<!--
agent-site: nibzard.com
collection: log
canonical-url: https://nibzard.com/cashout
markdown-url: https://nibzard.com/cashout.md
content-signal: ai-input=yes, ai-train=yes, search=yes
author: Nikola Balić
published: 2026-03-04
tags: AI, AGENTS, AUTOMATION, BASH, CLI, AX
related: /durable-researcher, /deep-research
-->

---
title: "Explore once, script forever: turning web runs into scripts"
description: "Let an agent discover a messy web UI flow once, then export the exact tool commands as a deterministic bash script."
tldr: "Give the agent a Steel CLI and SKILL.md contract, force a snapshot/click/fill loop, then turn the successful run into a rerunnable bash script."
date: 2026-03-04
tags: [AI, AGENTS, AUTOMATION, BASH, CLI, AX]
draft: false
featured: false
author: "Nikola Balić"
topics: [agent experience, skills as contracts, deterministic automation, browser workflows, bash scripting]
entities: [Codex, SKILL.md, Steel, ChatGPT, OpenClaw, bash, CLI, DOM, bot checks]
answers_questions:
  - Why do agents struggle with real websites?
  - How do you make agent web runs predictable and reviewable?
  - How do you turn a successful agent run into a bash script?
---

Agents can write code, reason through ambiguity, and call tools. But point them at a real website and everything falls apart:

- Login walls and MFA.
- Dynamic DOM.
- Cookie banners that move buttons around.
- Session state that leaks between attempts.
- Bot checks and random flakiness.

A five-minute human task becomes a twenty-minute agent debugging session.

A lot of this came from real pain while working on the Steel CLI release. I was experimenting heavily with how agents browse the web, including OpenClaw runs where I tried to get the agent to do something actually useful — like obtain an email for itself.
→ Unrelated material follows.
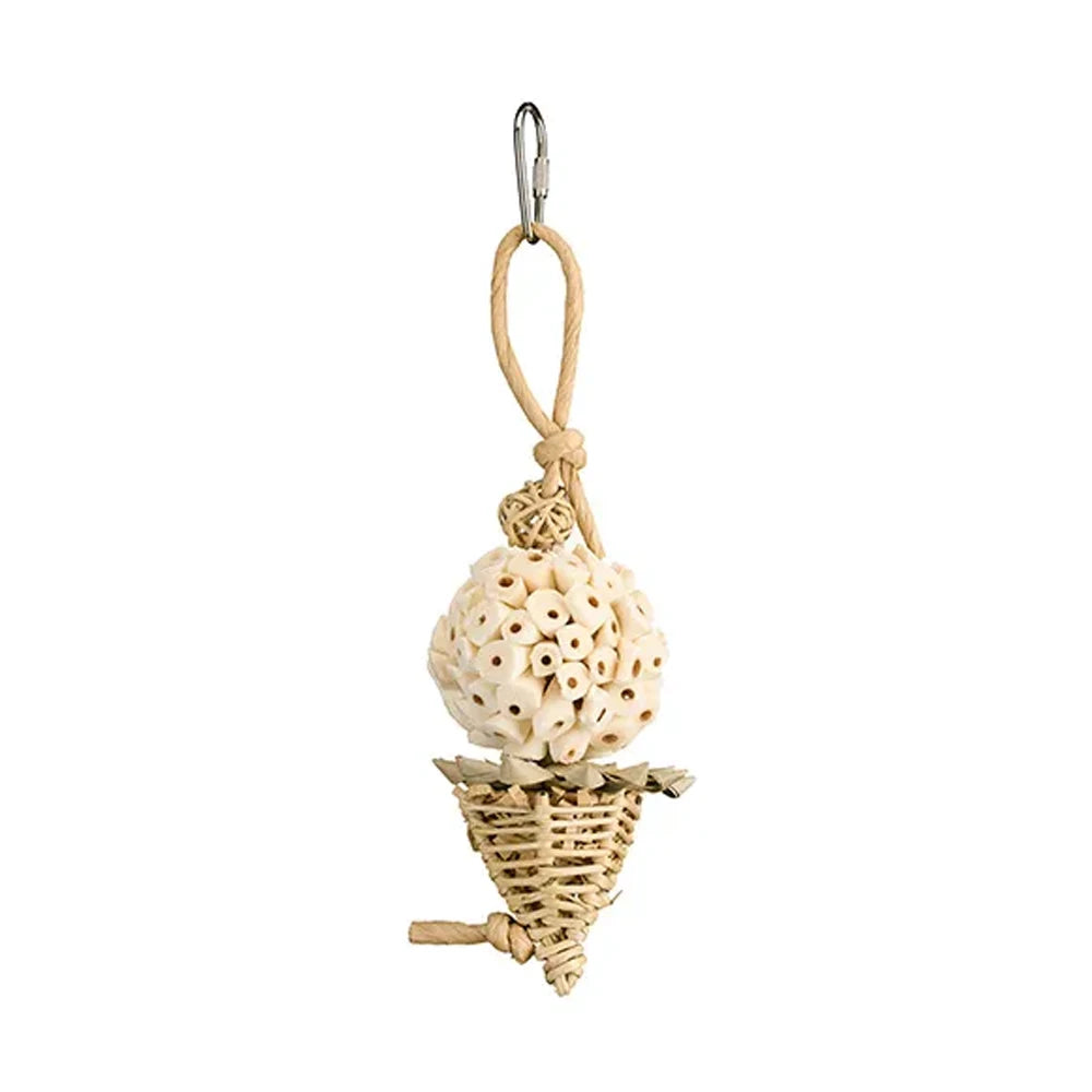 This charming toy features our ever-popular sola ball, known for its soft, bird-friendly texture, paired with a vine cone that’s stuffed with paper shreds and topped with a decorative pandan star. It’s a fun and satisfying outlet for birds who enjoy gentle chewing and foraging.

In my tests at the time, OpenClaw failed every end-to-end flow. That pressure pushed us to redesign the CLI and skill from scratch.

That pressure forced a hard lesson: CLIs are a good surface for coding agents like Claude Code and Codex because they are native to terminal workflows. With a strong model, a capable coding agent, and an agent-friendly CLI contract, you can overcome most web-flow chaos once and codify the winning path into a repeatable script. I wrote more about this in [Making CLIs Agent-Friendly with Loops and Schemas](/agent-ci).

A pattern that worked for me:

> Let the agent discover the web flow once, then export the exact commands it used as a bash script you can rerun.

This turns "agentic browsing" from a one-off demo into something reproducible, reviewable, and automatable.

One practical addition while testing that made this way of working easier was a small Steel web UI for live/recording session preview. It helped me observe every first-run decision the agent was making and catch issues before they became script logic.

![Steel web session preview during first-run debugging](/images/20260303_bash-article-steel-session.png)

## The missing layer: agent-native interfaces

This is less about model intelligence and more about interface design.

Browsers are hostile if you only give pixels. A CLI makes the interaction loop explicit:

1. Start (or attach to) a session
2. Open a URL
3. Snapshot the page (get a structured view of the DOM / interactables)
4. Take one action (click, fill, wait)
5. Snapshot again
6. Repeat until done
7. Stop the session

This is what I mean by ["agent experience" (AX)](https://biilmann.blog/articles/introducing-ax/): clear inputs, predictable outputs, and failures you can recover from.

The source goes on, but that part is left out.